WHAT IS REQUIRED: A faithful copy is required. Print each line of the data exactly and omit the pictures.

Excerpts from a dataset
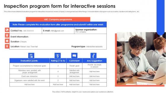 This slide shows detailed evaluation program for interactive sessions to review companys arrangement and other things. It include details of program such as location, duration and rating form,, etc.. Showcasing this set of slides titled Inspection Program Form For Interactive Sessions Download Pdf The topics addressed in these templates are Proper Arrangement, Event Interactive, Program Accomplished All the content presented in this PPT design is completely editable. Download it and make adjustments in color, background, font etc. as per your unique business setting. This slide shows detailed evaluation program for interactive sessions to review companys arrangement and other things. It include details of program such as location, duration and rating form,, etc..
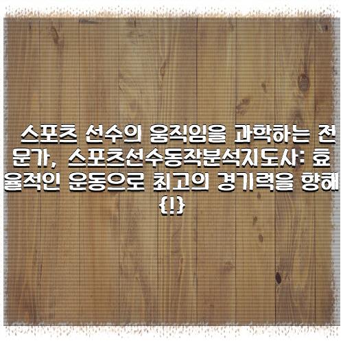 스포츠 선수의 움직임을 과학하는 전문가, 스포츠선수동작분석지도사: 효율적인 운동으로 최고의 경기력을 향해
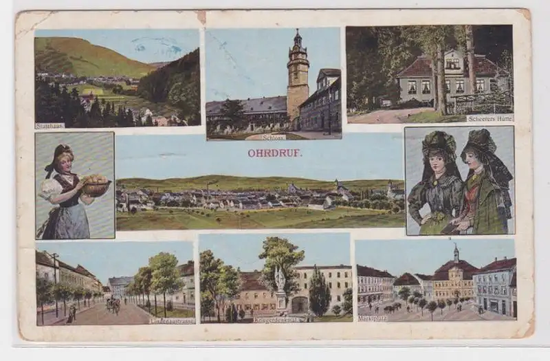 Totalansicht, Stutzhaus, Schloss, Scheerers Hütte, Thüringer Trachten, Lindenaustrasse, Kriegerdenkmal, Marktplatz, gelaufen mit Feldpoststempel, gebrauchte Erhaltung (leichte Altersspuren) siehe Bild,
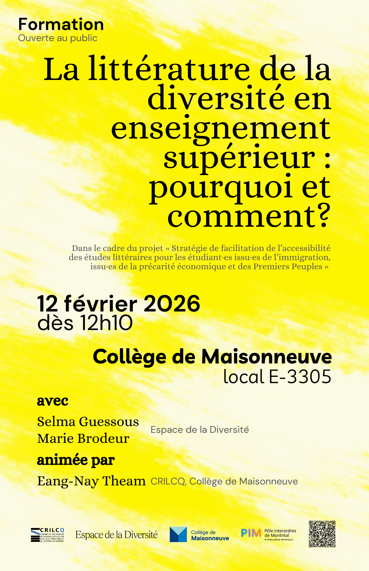 L’équipe du projet « Stratégie de facilitation de l’accessibilité des études littéraires pour les étudiant·es issu·es de l’immigration, issu·es de la précarité économique et des Premiers Peuples», Eang-Nay Theam (cochercheuse CRILCQ, Collège de Maisonneuve), Daniel Chartier (cochercheur CRILCQ, UQAM), Jean Sébastien (Collège de Maisonneuve), Sylvain Brehm (UQAM), Jacinthe Bédard (Collège de Maisonneuve), Marie-Pier Bourret-Lafleur (Collège de Maisonneuve), Karine Rosso (cochercheuse CRILCQ, UQAM) et Véronique Cnockaert (UQAM), organise la formation « La littérature de la diversité en enseignement supérieur : pourquoi et comment? » avec Selma Guessous (Directrice générale de l’Espace de la Diversité) et Marie Brodeur (Espace de la Diversité). L’activité aura lieu le 12 février 2026, dès 12h10, au Collège de Maisonneuve (local E-3305).
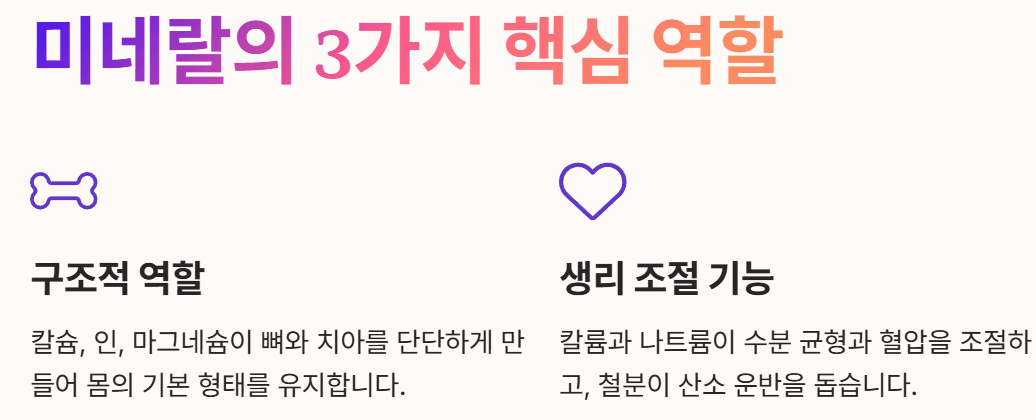 - 구조적 역할: 칼슘, 인, 마그네슘 등은 뼈와 치아를 단단하게 만들어 우리 몸의 기본적인 형태를 유지하는 데 기여합니다.
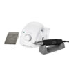 Dołączone do zestawu akcesoria zapewniają bezpieczeństwo oraz wygodę korzystania. Frezarka wyposażona jest w napęd nożny, umożliwiający precyzyjne kontrolowanie pracy głowicy i swobodną, komfortową pracę, dzięki możliwości sterowania urządzeniem bez użycia rąk. W trakcie pracy głowicę bezpiecznie można odłożyć na dołączony do zestawu dedykowany silikonowy stojak lub odwiesić dzięki wygodnemu plastikowemu uchwytowi, który można zamontować po obu stronach urządzenia. Miejsce na frezy na obudowie pozwala na przygotowanie niezbędnych narzędzi, by mieć je pod ręką w trakcie pracy.
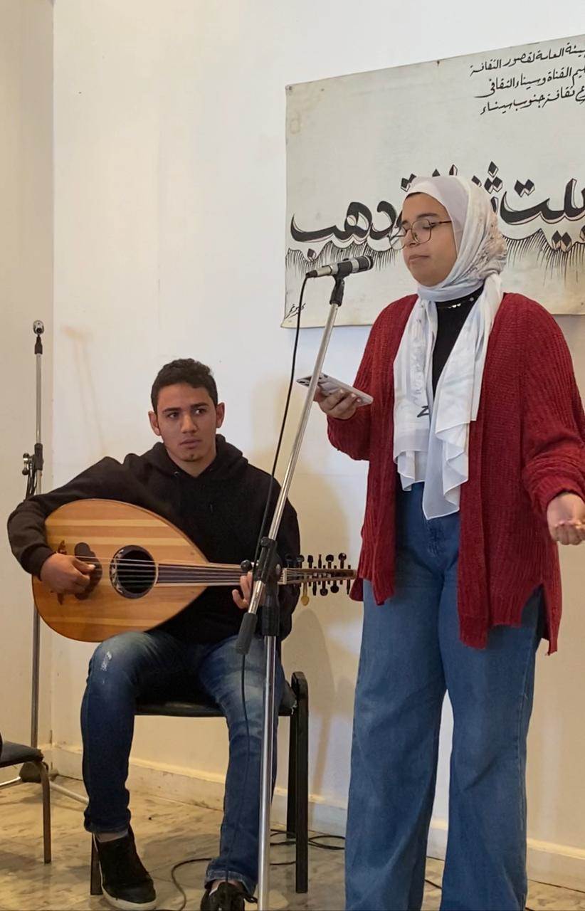 كما حضرت طالبات مدرسة على ابن ابى طالب الإعدادية ومنهن الطالبة كريمان الطيب تتقن موهبة الشعر والطالبة روان سويلم تجيد الرسم واعادة تدوير المواد الخشبية والحجرية من البيئة السيناوية إلى مجسمات ومنحوتات تجسد اشكالا عدة من الطيور والحيوانات وغيرهم، وهما وغيرهن مثل الطالبتين الاختين ليمار وريناد أيمن جمعة ويقوم بتدريبهم الفنان التشكيلي شريف القزاز.

EXERCISE RESPONSE:
 This slide shows detailed evaluation program for interactive sessions to review companys arrangement and other things. It include details of program such as location, duration and rating form,, etc.. Showcasing this set of slides titled Inspection Program Form For Interactive Sessions Download Pdf The topics addressed in these templates are Proper Arrangement, Event Interactive, Program Accomplished All the content presented in this PPT design is completely editable. Download it and make adjustments in color, background, font etc. as per your unique business setting. This slide shows detailed evaluation program for interactive sessions to review companys arrangement and other things. It include details of program such as location, duration and rating form,, etc..
 스포츠 선수의 움직임을 과학하는 전문가, 스포츠선수동작분석지도사: 효율적인 운동으로 최고의 경기력을 향해
 Totalansicht, Stutzhaus, Schloss, Scheerers Hütte, Thüringer Trachten, Lindenaustrasse, Kriegerdenkmal, Marktplatz, gelaufen mit Feldpoststempel, gebrauchte Erhaltung (leichte Altersspuren) siehe Bild,
 L’équipe du projet « Stratégie de facilitation de l’accessibilité des études littéraires pour les étudiant·es issu·es de l’immigration, issu·es de la précarité économique et des Premiers Peuples», Eang-Nay Theam (cochercheuse CRILCQ, Collège de Maisonneuve), Daniel Chartier (cochercheur CRILCQ, UQAM), Jean Sébastien (Collège de Maisonneuve), Sylvain Brehm (UQAM), Jacinthe Bédard (Collège de Maisonneuve), Marie-Pier Bourret-Lafleur (Collège de Maisonneuve), Karine Rosso (cochercheuse CRILCQ, UQAM) et Véronique Cnockaert (UQAM), organise la formation « La littérature de la diversité en enseignement supérieur : pourquoi et comment? » avec Selma Guessous (Directrice générale de l’Espace de la Diversité) et Marie Brodeur (Espace de la Diversité). L’activité aura lieu le 12 février 2026, dès 12h10, au Collège de Maisonneuve (local E-3305).
 - 구조적 역할: 칼슘, 인, 마그네슘 등은 뼈와 치아를 단단하게 만들어 우리 몸의 기본적인 형태를 유지하는 데 기여합니다.
 Dołączone do zestawu akcesoria zapewniają bezpieczeństwo oraz wygodę korzystania. Frezarka wyposażona jest w napęd nożny, umożliwiający precyzyjne kontrolowanie pracy głowicy i swobodną, komfortową pracę, dzięki możliwości sterowania urządzeniem bez użycia rąk. W trakcie pracy głowicę bezpiecznie można odłożyć na dołączony do zestawu dedykowany silikonowy stojak lub odwiesić dzięki wygodnemu plastikowemu uchwytowi, który można zamontować po obu stronach urządzenia. Miejsce na frezy na obudowie pozwala na przygotowanie niezbędnych narzędzi, by mieć je pod ręką w trakcie pracy.
 كما حضرت طالبات مدرسة على ابن ابى طالب الإعدادية ومنهن الطالبة كريمان الطيب تتقن موهبة الشعر والطالبة روان سويلم تجيد الرسم واعادة تدوير المواد الخشبية والحجرية من البيئة السيناوية إلى مجسمات ومنحوتات تجسد اشكالا عدة من الطيور والحيوانات وغيرهم، وهما وغيرهن مثل الطالبتين الاختين ليمار وريناد أيمن جمعة ويقوم بتدريبهم الفنان التشكيلي شريف القزاز.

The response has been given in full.